Yapılan açıklamada, BMGK kararının Genel Sekreter'in raporlarıyla bağdaşmadığı kaydedildi. Türkiye Dışişleri Bakanlığı açıklamasında şu ifadeler kullanıldı:
"BM Genel Sekreteri’nin Güvenlik Konseyi’ne sunduğu gerek Kıbrıs’taki İyi Niyet Misyonuna ilişkin 15 Ekim 2018 tarihli raporunda, gerek BMBG’ye ilişkin 11 Ocak 2019 tarihli son raporunda, herhangi bir çözüm modeline atıfta bulunulmayarak, yeni fikirlerin geliştirilmesine vurgu yapılmıştı. Buna rağmen, Güvenlik Konseyi, bu son karar metninde BM Genel Sekreteri’nin görüşlerinin ötesine geçen bir tutum benimsemiş, ayrıca Genel Sekreter’in geçici olarak görevlendirdiği BM yetkilisi tarafından gerçekleştirilmekte olan temasların sonucuna ve çözüm sürecinin gelecekte alabileceği şekle dair peşin hükümler kaydetmiştir.

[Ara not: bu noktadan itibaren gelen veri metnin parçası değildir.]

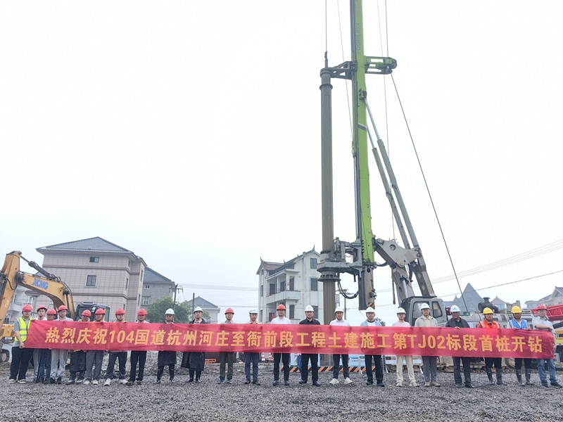 今天上午,104國(guó)道杭州河莊至衙前段工程第TJ02標(biāo)首樁、第TJ01標(biāo)二工區(qū)首樁開(kāi)鉆,標(biāo)志著104國(guó)道杭州河莊至衙前段工程全面開(kāi)工。

Karar bu açıdan Kıbrıs meselesinin çözümüne yönelik çabalara gerçekçi bir katkıda bulunmamakta ve Genel Sekreter’in sözkonusu raporlarıyla da bağdaşmamaktadır.
Diğer taraftan, BM’nin yerleşik uygulamalarına aykırı bir şekilde, BMBG’nin görev süresinin uzatılması hususunda KKTC makamlarının rızasının alınmamış olması da önemli bir eksikliktir."
"FEDERAL ÇÖZÜMÜ DIŞLAMADAN TÜM ALTERNATİFLER MASADA OLMALI"
Crans Montana’daki müzakerelerin, Kıbrıs Rum tarafının uzlaşmaz, kendisini Ada’nın tek sahibi, Kıbrıs Türk halkını ise azınlık olarak gören tutumu nedeniyle sonuç alınamadan kapandığını kaydeden Türkiye Dışişleri Bakanlığı, yeni bir müzakere süreci başlatılacaksa, bunun sonuç odaklı bir süreç olması ve bu sürecin tüm parametrelerinin önceden belirlenmesi gerektiğini de vurguladı. Açıklamada ", bu çerçevede, iki bölgeli, iki kesimli ve siyasi eşitliğe dayalı federal çözümü dışlamadan tüm alternatiflerin masada olması lazım geldiği yönündeki görüşümüzü koruyoruz. Önümüzdeki dönemdeki herhangi bir sürecin, ancak Ada’daki mevcut gerçekleri ve iki tarafın siyasi eşitliğini temel alması halinde başarılı olabileceğini düşünüyoruz." denildi.